= Center for COVID Control =

COVID-19 testing company

Center for Covid Control (CCC) is a pop-up laboratory testing company based in Rolling Meadows, Illinois. It had a peak of 300 testing sites, often in storefronts or temporary buildings. In January 2022 USA Today named the entity in an article about problems with pop-up testing sites, and stated that it was under investigation by several state and federal agencies.

CCC has received at least $124 million in federal reimbursements.

CCC is associated with Doctors Clinical Laboratory, and shares the same office address. A pigments supplier named DCL Corporation has sent a cease and desist to Doctors Clinical Laboratory for using their trademarked logo.

By January 13, 2022, the Doctors Clinical Laboratory was under investigation by the Center for Clinical Standards and Quality, part of Centers for Medicare and Medicaid Services. Investigations in November and December had found serious problems with CCC and DCL, stating "non-compliance" and cited the lab for "immediate jeopardy".

CCC announced on January 14, 2022, that it would pause its operations for a week to train staff.

On January 19, 2022, the Minnesota Attorney General's Office filed a suit against the company for deceptive practices.
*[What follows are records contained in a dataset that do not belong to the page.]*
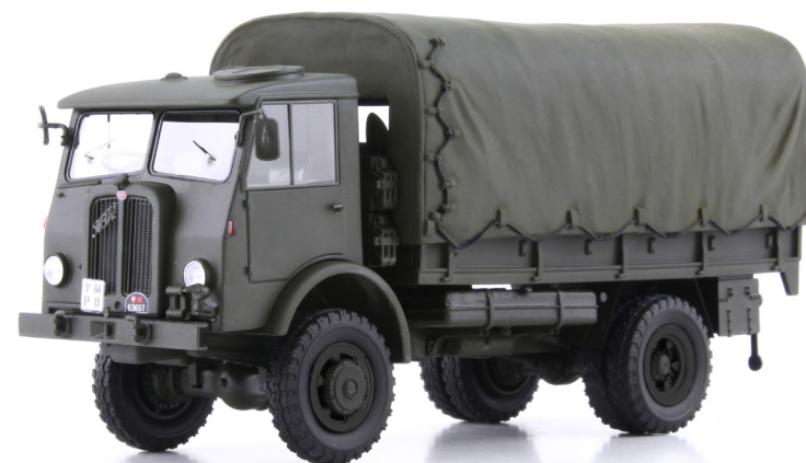
FBW AX40 5.0t 4x4 «Vierlivier» Blachenwagen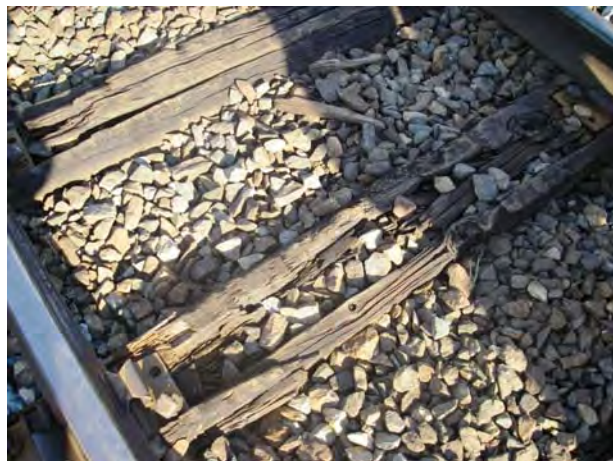
Figur 5: Flere tresviller i dårlig forfatning.

Ved km 86,96 ble det funnet avsporingmerker på høyre skinne som tydet på at et hjul hadde falt ned på innsiden av skinnestrengen i dette området. De påfølgende sviller viste økende grad av ødeleggelse fra hjulets flenser inntil svillene var totalt ødelagt og skinnestrengene ikke lenger hadde forbindelse gjennom svillene.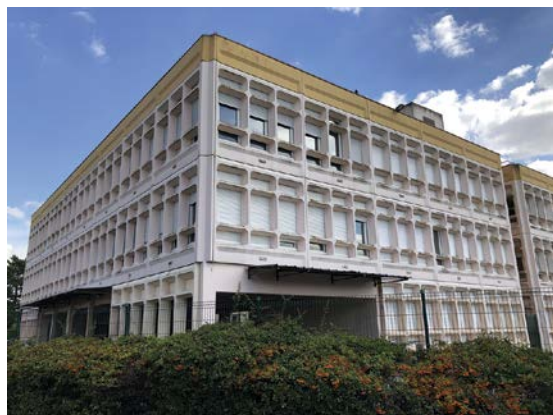
Le collège Charles-Péguy à Bondoufle.

Île-de-France Mobilités a mis en place une solution de transport adéquat dès cette rentrée. Le transporteur TICE assure une liaison directe, la ligne 413 F, qui permet aux collégiens concernés de se rendre directement au collège Charles-Péguy à Bondoufle. Les arrêts (du lundi au vendredi) sont les suivants : Résidences (8h02), Rond-point de Fleury (8h05), Mairie (8h06), Hôpital Manhès (8h07), ZI des Ciroliers (8h09), arrivée à Bondoufle rue des Clos (8h15).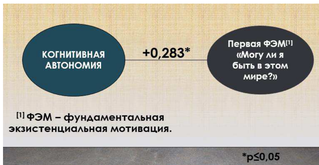
Рисунок 3 — взаимосвязь когнитивной автономии с первой фундаментальной экзистенциальной мотивацией

Третья гипотеза подтвердилась: когнитивная автономия положительно значимо связана с первой фундаментальной экзистенциальной мотивацией, касающейся свободы по отношению к собственным мыслям (при p \leq 0,05 ). Частная гипотеза H1 принимается, H0 отвергается. Это можно продемонстрировать следующим рисунком: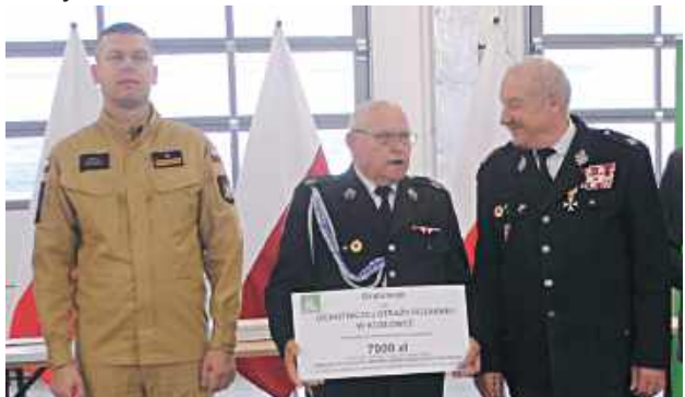
Dotacja dla OSP Kozłówka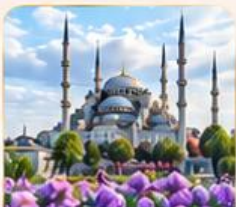
BLUE MOSQUE สุเหร่าสีน้ำเงิน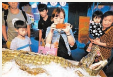
■台民眾對夜市出現鱷魚大感好奇。

報道稱,大陸頒布了俗稱「禁奢令」的中央八項規定,打擊大陸官員的一切貪腐行為。一下子,世界各地拚命捕撈、養殖、生產送往大陸的高價品,一夕都變成當地官員、企業老闆避之唯恐不及的洪水猛獸,導致鮑魚、鱷魚這些豪門食材從高檔餐廳丟到路邊攤。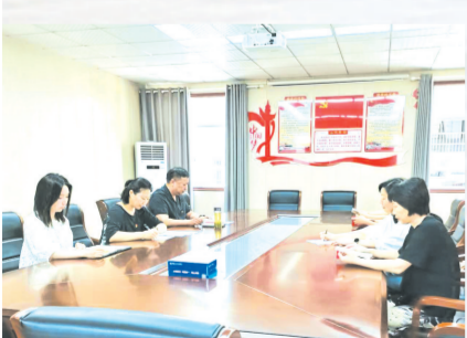
▲ 开展主题党日活动

“砥砺奋进谋发展,聚财理财惠民生。”这是广水市城郊财政所全体干部职工坚守的工作准则和奋斗目标。 2023年,城郊财政所在广水市财政局党组和城郊街道党工委、办事处的正确领导下,以党的二十大精神为指导,以服务群众、群众满意为宗旨,牢固树立聚财为公、理财为民的理念,坚持生财聚财一流增收,财务运行一流监管,为民理财一流服务,窗口形象一流提升,财政队伍一流管理,科学谋划,积极应对经济下行带来的财政收支矛盾,全力保运转、促发展、保民生,为促进城郊街道经济社会健康平稳发展作出了积极贡献。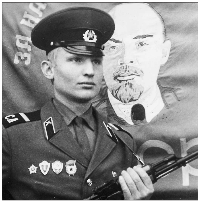
1975 год. Фотографирование у развёрнутого боевого знамени части по уставу было высшим поощрением для срочников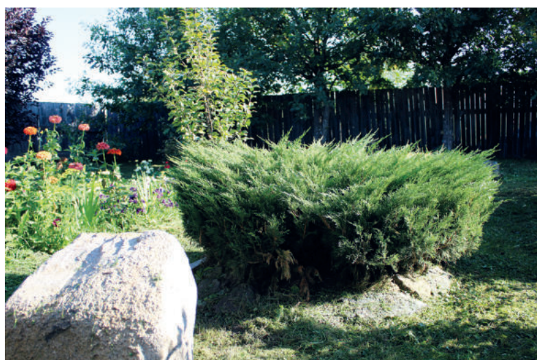
«Двор образцового содержания» семьи ИВАНОВЫХ.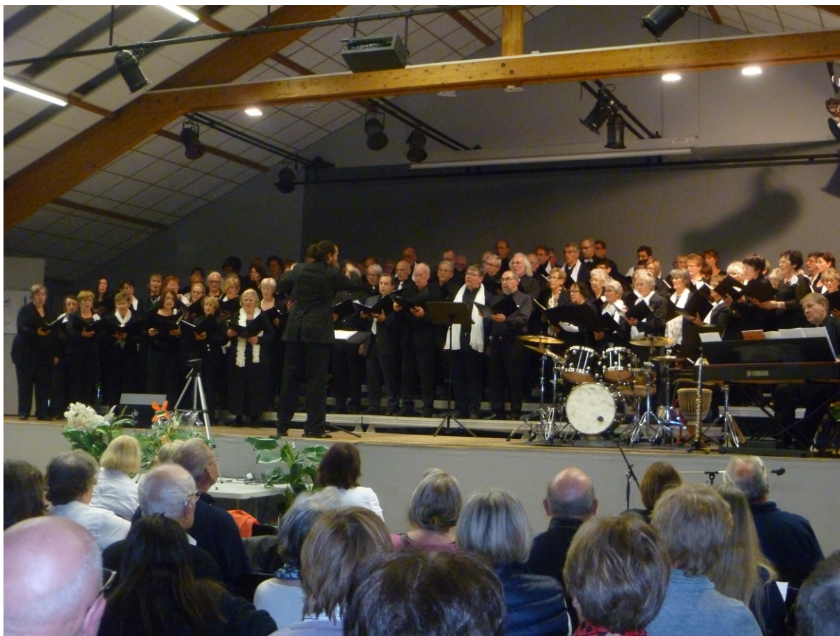
Concert atelier « Paix, Justice, Liberté » à Beuvry le 15 octobre 2016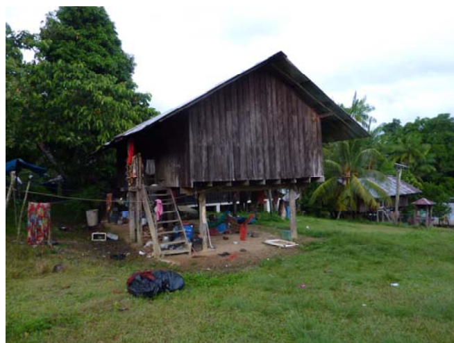
Habitation Wayampi traditionnelle à Trois-Sauts Plusieurs espèces de rongeurs et d'opossums viennent se nourrir sous et dans les maisons.

Outre les amérindiens, une petite dizaine d'expatriés vivent à Trois-Sauts. Depuis une quinzaine d'années, ils assurent l'éducation primaire de tous les enfants, et un service infirmier continu, au sein d'un dispensaire bien équipé. L'ensemble des soins et traitements sont dispensés de façon totalement gratuite ; ils sont inscrits sur des carnets de santé individuels, carnets qui sont conservés au sein du dispensaire.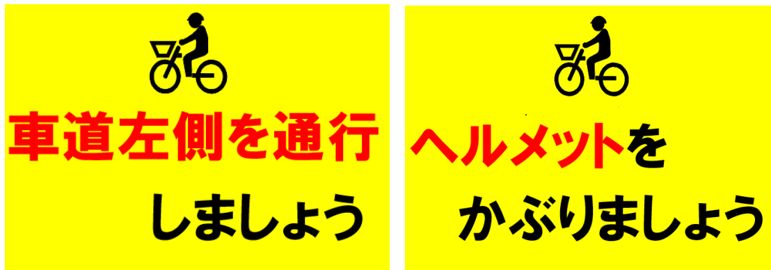
プラカードのレイアウト

実施対象区域内の歩道にて、自転車の安全利用を促す内容を示した以下のプラカードを持ち、通行する自転車利用者などに呼びかけを行います。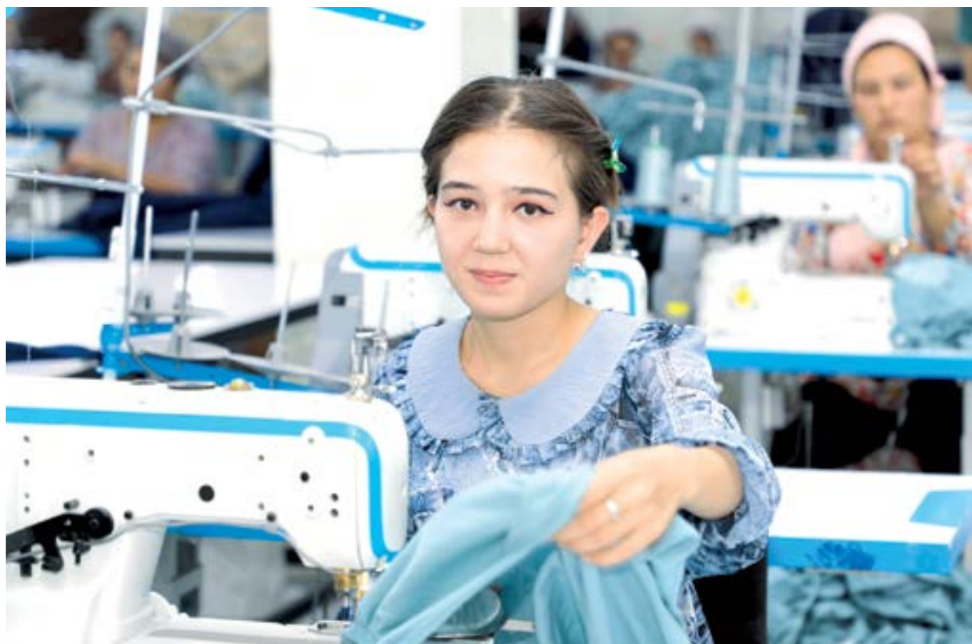
▶ Давоми 3-бетда

Кредит ва ер ажратиш, солиқ, транспорт логистикаси, экспорт, зарур инфраструктура — булар кичик бизнес ва хусусий тадбиркорликни ривожлантиришга хизмат қилувчи энг муҳим омиллар. Шу билан бирга, соҳа вакиллари кийнайдиган масалалар ҳам шу йўналишларга дахлдор. Айнан шу нуқтаи назардан, давлатимиз раҳбарининг тадбиркорлар билан юзма-юз, самимий суҳбатлашиши, фикр алмашиши, улар фаолиятидаги муаммо ва камчиликларга шахсан қизиқиб, ечим топиб бераётгани жуда эътиборга молик жиҳатдир.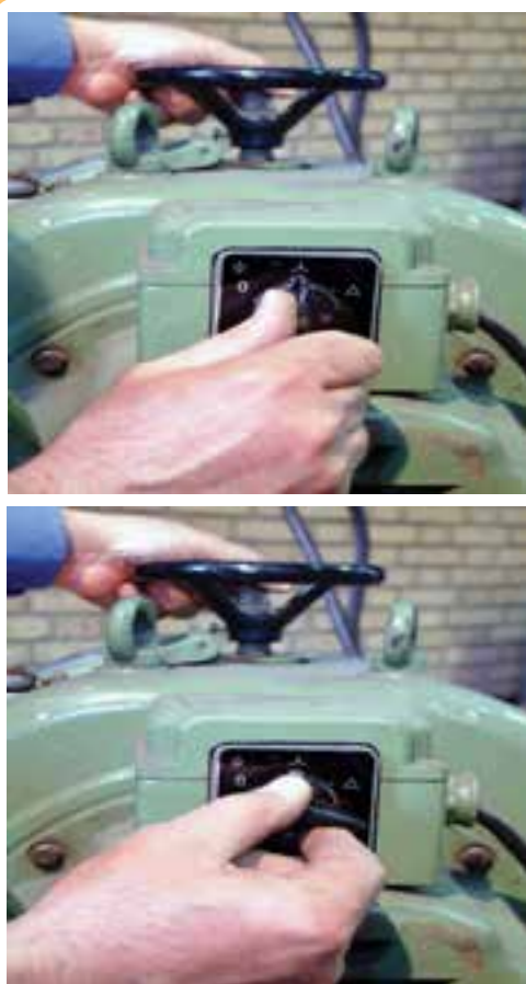
دینام جوش کارگاهی و کلیدهای مخصوص روشن و خاموش کردن دستگاه

راه‌اندازی دینام جوش کارگاهی به طور معمول از طریق کلید روشن ۱ و خاموش ۲ که روی دستگاه مطابق شکل (۲۰-۵) تعبیه شده صورت می‌گیرد. ولی در بعضی از دستگاه‌ها روشن و خاموش کردن از طریق کلید ستاره و مثلث صورت می‌گیرد. در این حالت ابتدا باید کلید را از حالت خاموش در حالت ستاره قرار دهیم و پس از چند ثانیه که موتور به دور نهایی رسید، آن را به حالت مثلث تغییر وضعیت دهیم تا دستگاه به کار خود ادامه دهد (شکل ۲۰-۵).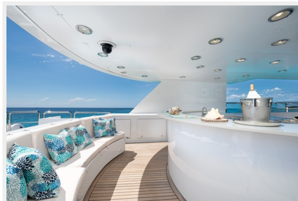
Sun Deck Bar Area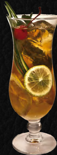
PIMS NO 1

Several consumer complaints documented filled out the online testing form but never giving a sample, then receiving a rapid antigen testing report stating their test was negative. The attorney general of Colorado demanded that the company cease COVID testing operations in the state, and the city of Worcester, Massachusetts demanded CCC shut down.

The company is under investigation by the Oregon Department of Justice.